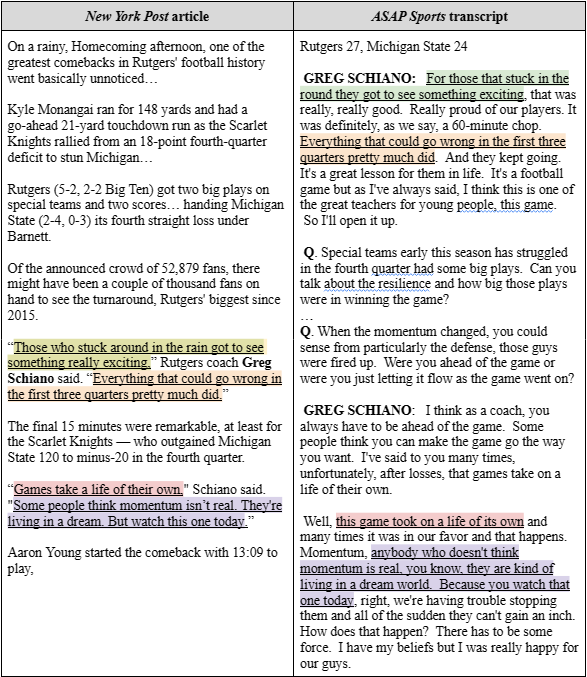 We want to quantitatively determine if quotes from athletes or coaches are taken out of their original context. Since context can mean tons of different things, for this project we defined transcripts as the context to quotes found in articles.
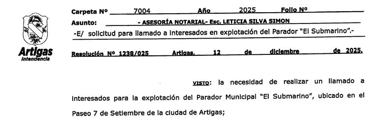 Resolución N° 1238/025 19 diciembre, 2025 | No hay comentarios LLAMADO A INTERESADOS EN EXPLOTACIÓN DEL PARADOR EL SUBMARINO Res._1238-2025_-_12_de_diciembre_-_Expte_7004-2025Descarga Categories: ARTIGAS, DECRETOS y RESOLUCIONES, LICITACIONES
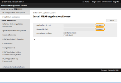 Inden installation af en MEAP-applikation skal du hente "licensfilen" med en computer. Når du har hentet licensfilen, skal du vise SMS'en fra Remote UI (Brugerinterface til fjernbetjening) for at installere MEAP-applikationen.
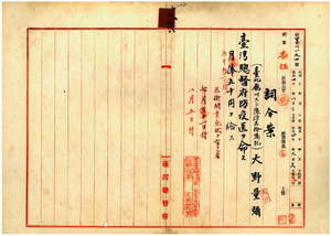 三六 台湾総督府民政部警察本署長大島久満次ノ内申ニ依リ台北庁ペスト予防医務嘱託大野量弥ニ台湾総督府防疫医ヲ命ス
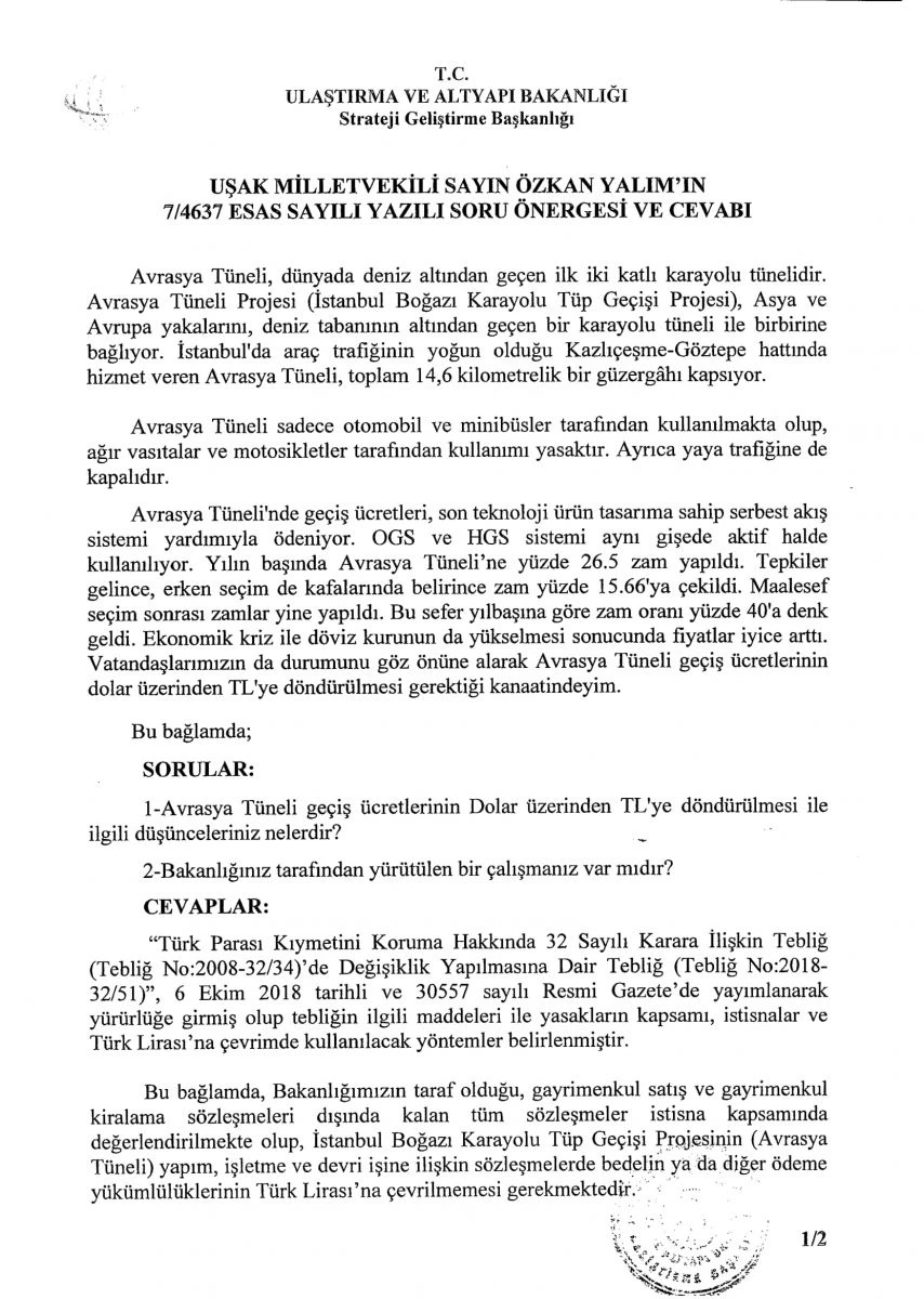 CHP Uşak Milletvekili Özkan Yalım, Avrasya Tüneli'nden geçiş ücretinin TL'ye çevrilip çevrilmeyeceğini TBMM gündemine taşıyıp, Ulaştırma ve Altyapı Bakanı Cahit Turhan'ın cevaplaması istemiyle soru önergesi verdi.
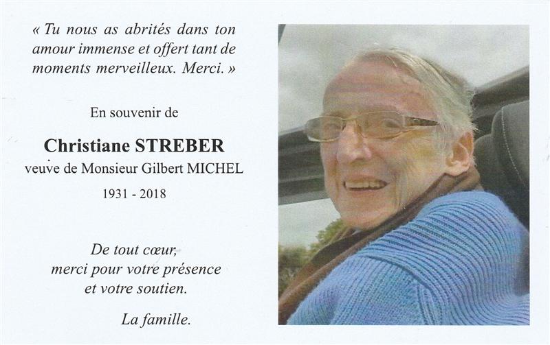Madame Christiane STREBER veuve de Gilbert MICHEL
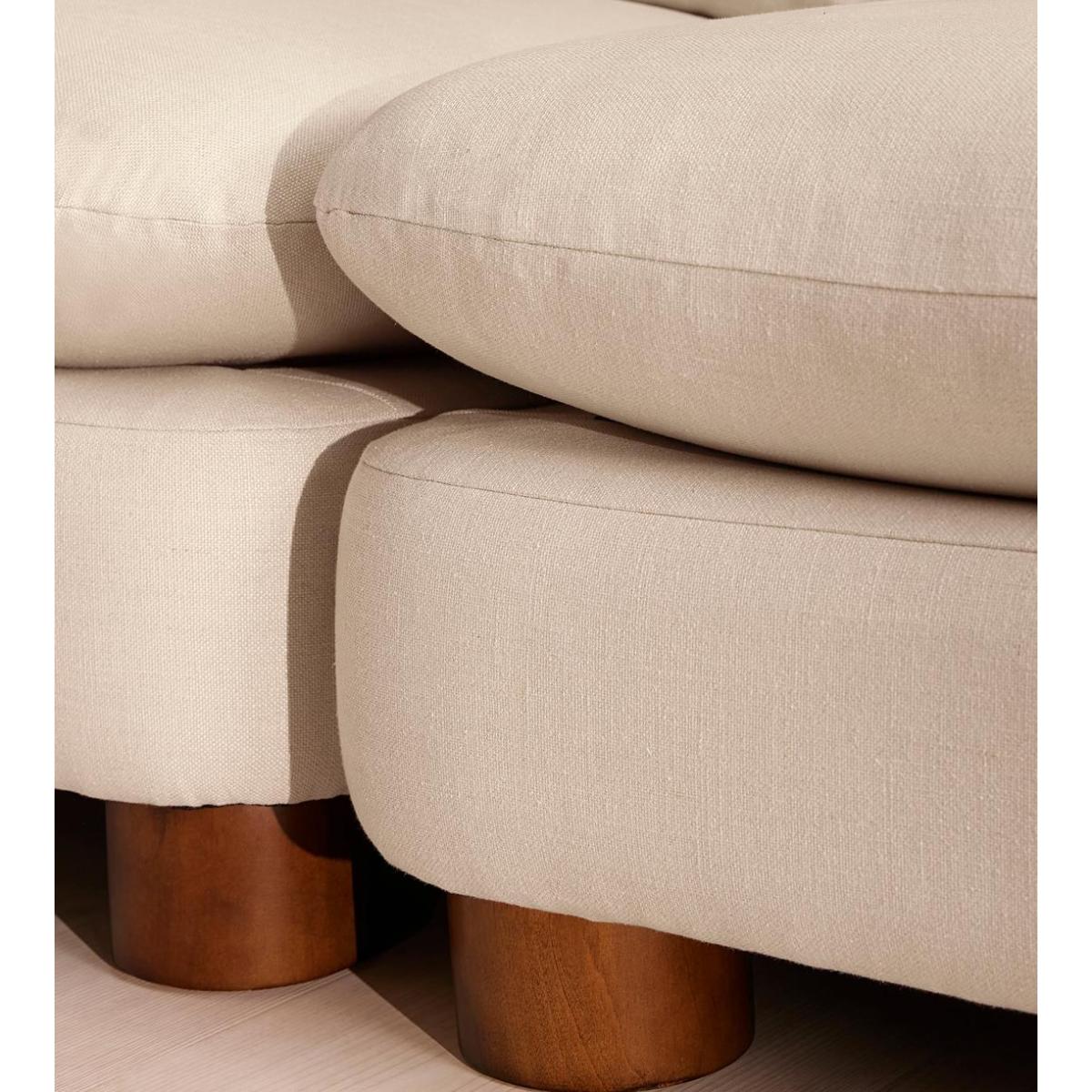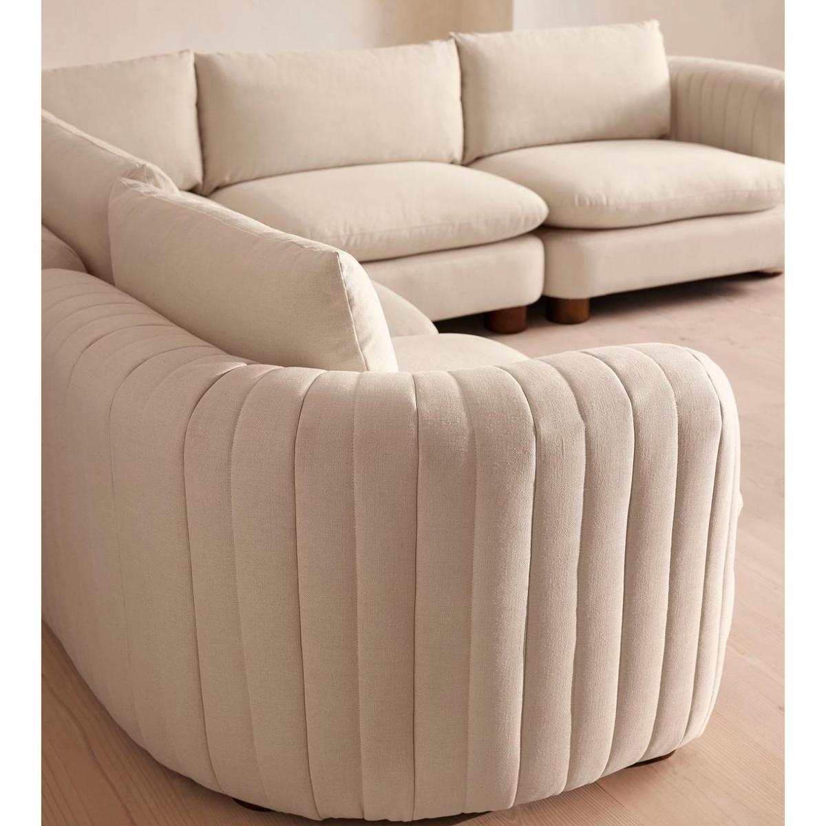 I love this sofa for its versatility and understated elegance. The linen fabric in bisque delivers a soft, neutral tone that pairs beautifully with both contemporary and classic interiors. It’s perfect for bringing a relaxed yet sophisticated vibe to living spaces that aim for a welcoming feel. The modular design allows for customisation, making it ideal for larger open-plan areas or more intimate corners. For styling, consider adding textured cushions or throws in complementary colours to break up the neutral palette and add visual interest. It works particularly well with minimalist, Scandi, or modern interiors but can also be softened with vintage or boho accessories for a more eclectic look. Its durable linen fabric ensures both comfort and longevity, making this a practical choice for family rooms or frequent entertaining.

****************************************

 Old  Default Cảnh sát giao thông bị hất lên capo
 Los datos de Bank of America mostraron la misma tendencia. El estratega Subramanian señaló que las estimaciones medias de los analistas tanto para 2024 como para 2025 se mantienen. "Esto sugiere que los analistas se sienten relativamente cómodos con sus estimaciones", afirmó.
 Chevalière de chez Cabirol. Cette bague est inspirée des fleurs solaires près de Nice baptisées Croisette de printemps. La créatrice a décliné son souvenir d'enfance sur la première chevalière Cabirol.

****************************************

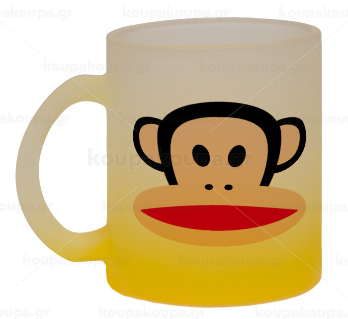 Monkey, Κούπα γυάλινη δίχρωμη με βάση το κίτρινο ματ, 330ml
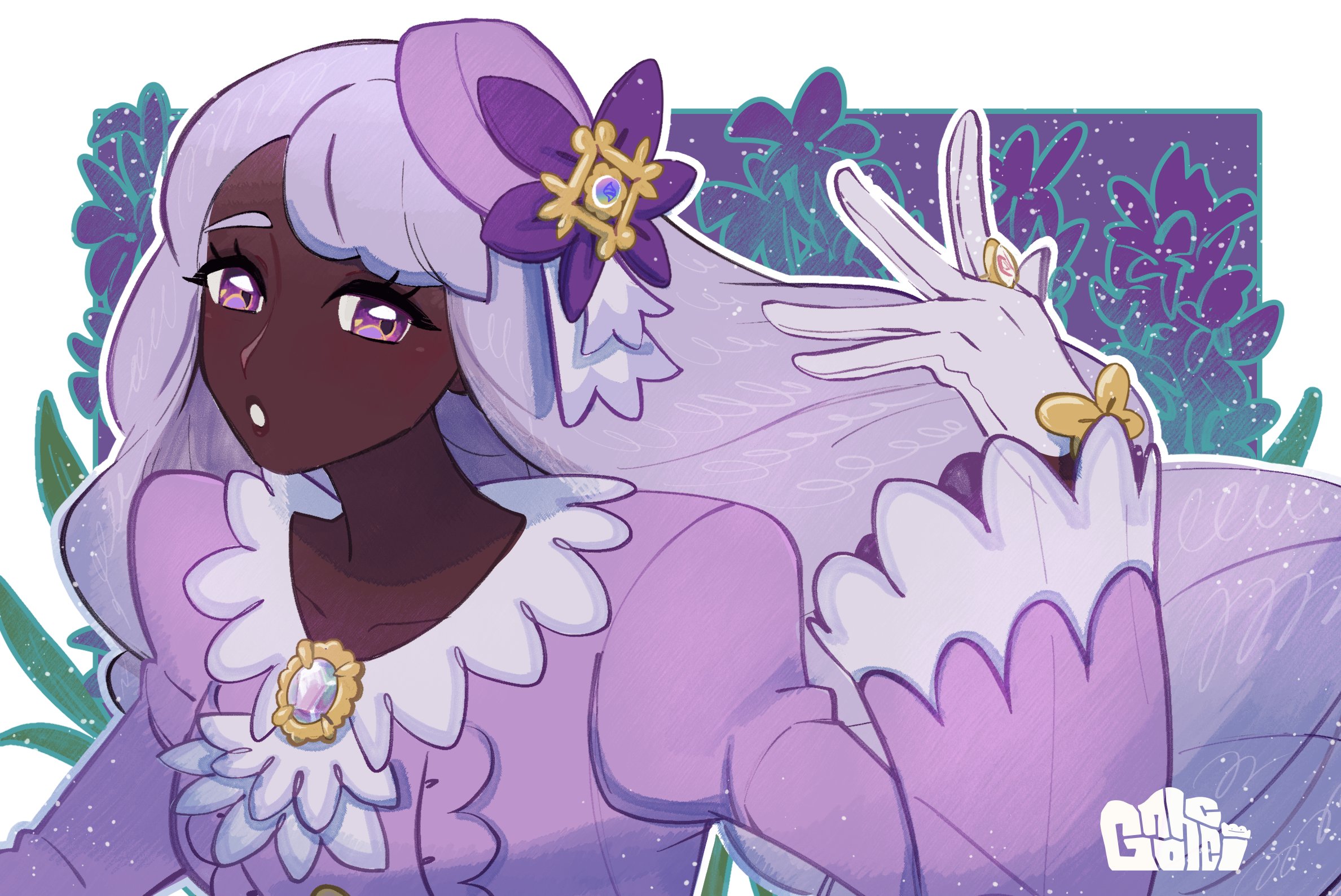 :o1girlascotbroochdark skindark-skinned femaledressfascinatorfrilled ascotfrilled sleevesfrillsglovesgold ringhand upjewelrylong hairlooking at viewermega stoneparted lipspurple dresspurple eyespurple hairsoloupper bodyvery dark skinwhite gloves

****************************************

> **EXERCISE BRIEF**: Among the entries above, copy exactly only the lines starting with the one containing "Old  Default Cảnh" and going through the one containing "Chevalière de chez", both ends included.

> **YOUR SOLUTION**:
 Old  Default Cảnh sát giao thông bị hất lên capo
 Los datos de Bank of America mostraron la misma tendencia. El estratega Subramanian señaló que las estimaciones medias de los analistas tanto para 2024 como para 2025 se mantienen. "Esto sugiere que los analistas se sienten relativamente cómodos con sus estimaciones", afirmó.
 Chevalière de chez Cabirol. Cette bague est inspirée des fleurs solaires près de Nice baptisées Croisette de printemps. La créatrice a décliné son souvenir d'enfance sur la première chevalière Cabirol.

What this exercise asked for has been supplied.